The story becomes even more complicated once Congress passes and the president signs appropriations into law. RIFs would deprive agencies of employees they will need once appropriations resume. Because employees separated through a RIF enjoy reemployment rights, agencies would be required to give them priority for job openings. In practice, this means the administration would likely need to rehire many of the same employees to carry out congressionally funded programs. Refusing to do so—and leaving appropriated funds for salaries unused—could amount to unlawful impoundment. Again, these cases are fact-specific.
In short, RIFs are a poor policy tool for managing a shutdown: they are too complex, too permanent, and ill-suited for something as temporary as a lapse in appropriations.
Venezuelan Boat Attacks: Utterly Unprecedented and Patently Predictable
Gabor Rona argues that the Trump administration’s lethal strikes on alleged drug traffickers are legally indefensible, but that the rationale behind them is a predictable extension of legal justifications crafted during the war on terror.
That the recent strikes on boats off the coast of Venezuela are illegal under international law cannot be seriously disputed. But returning to more rational, effective, and legal responses to threats—perceived and real—requires an honest assessment of where the Trump administration’s purported legal rationale comes from. And that means confronting the reality that the rationale builds on a long history of U.S. legal positions unsupported by international law. The flawed elements of the United States’s post-9/11 legal arguments—in particular, the unprincipled expansion of definitions that restrict who is a lawful target for the use of force, and under what circumstances—laid the groundwork for the Trump administration to claim that the boats’ passengers could be targeted because they are “terrorists” and that the use of force is appropriate because drug smuggling is an imminent threat or because the United States is already at war.
Speech, Coercion, and the Myth of the Censorship Regime
Renee DiResta critiques the equivalency some legislators have drawn between the pressure FCC Chair Brendan Carr exerted on ABC to fire Jimmy Kimmel and the pressure the Biden administration exerted on Google to suppress Covid-19 misinformation. DiResta argues that Google’s confident and successful resistance to Biden administration outreach—versus ABC’s immediate acquiescence—reflects the difference in coercive power employed in each case.
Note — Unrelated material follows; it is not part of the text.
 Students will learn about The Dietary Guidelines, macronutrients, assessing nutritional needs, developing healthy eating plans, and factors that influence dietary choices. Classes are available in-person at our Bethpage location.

The Biden administration did attempt to persuade tech platforms in its public criticism, and private communications—as prior administrations of both parties have done. Tech employees often report that congressional staffers call and yell, officials in the first Trump administration called and yelled, foreign governments call and yell—calling and yelling or sending mean emails is not surprising. The question is whether government officials exceed appropriate boundaries and use their regulatory or other power to coerce.
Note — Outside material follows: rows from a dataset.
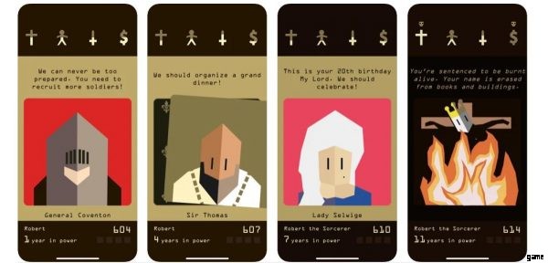 このゲームは非常に進歩していますが、「ワンライフオンリー」タイプのゲームの 1 つでもあります。失敗すると統治が終わり、新しいゲームを作らなければならなくなります。それは非常に挑戦的な管理カードゲームです. Reigns:Her Majesty という続編もあります。
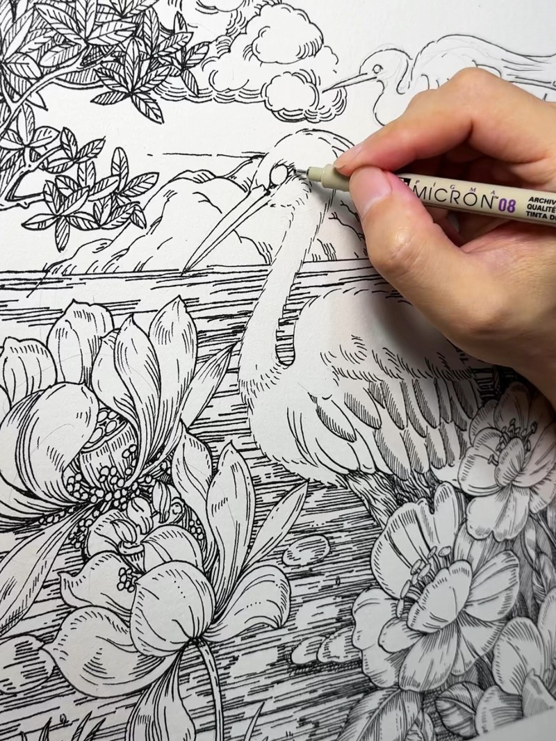 真的好喜欢线描画!针管笔下的花花草草
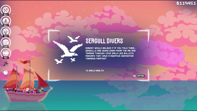 7人《不要下沉(Don't Sink)》是Sebastian Nigro, Christopher Anselmo, Daniel Marques制作的一款2D像素风格的角色扮演游戏。在游戏中,玩家将扮演一名船长,在大海上航行,你会遇到各种危险和突发事件,你必须要保证自己的船能在海上正常航行。
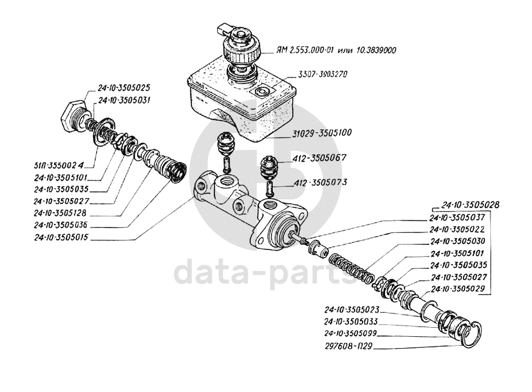 Детали главного цилиндра тормозов, бачок главного цилиндра, датчик аварийного уровня тормозной жидкости ГАЗ-3302

Google’s letter to Jordan provides evidence against the “censorship industrial complex” narrative he is using it to support. The company’s explicit statement that it “continued to develop and enforce its policies independently” despite government pressure during the Biden administration stands in stark contrast to ABC’s capitulation following Carr’s regulatory threats.
The CFIUS Review That Never Will Be
Vinita Singh analyzes the national security risks raised by selling video game studio Electronic Arts to a consortium that includes Saudi Arabia’s sovereign wealth fund. Singh argues that the involvement of Affinity Partners—an investment firm managed by Jared Kushner—in the consortium makes it unlikely the acquisition will be properly scrutinized by the Committee on Foreign Investment in the United States.
Looking beyond PIF’s stated goals, this acquisition should raise red flags regarding national security. Post-acquisition, it is likely PIF will have unchecked access to EA work product and strong influence over its activities and broader direction. One of the most significant features of the prospective transaction is that it would transform EA from a public company into a private company. In the United States, publicly traded companies must comply with arduous reporting requirements imposed by the Securities and Exchange Commission. These requirements oblige companies to engage in regular reporting regarding their activities, financial situation, and investor base. This reporting gives the public—and the government—insight into the activities of the firm and the relationship of the firm to its various investors. Private companies do not have the same reporting requirements. Thus, the acquisition is likely to transform EA into a black box. When this factor is coupled with what will likely be a material increase in PIF’s equity in the company, PIF will have much more direct and unchecked access to the company’s information assets and work product. Moreover, it will have greater influence over the way the company uses its capabilities and the direction in which those capabilities will be developed. This shift in PIF’s relationship with EA has the potential to harm U.S. interests and its broader national security posture in a number of ways.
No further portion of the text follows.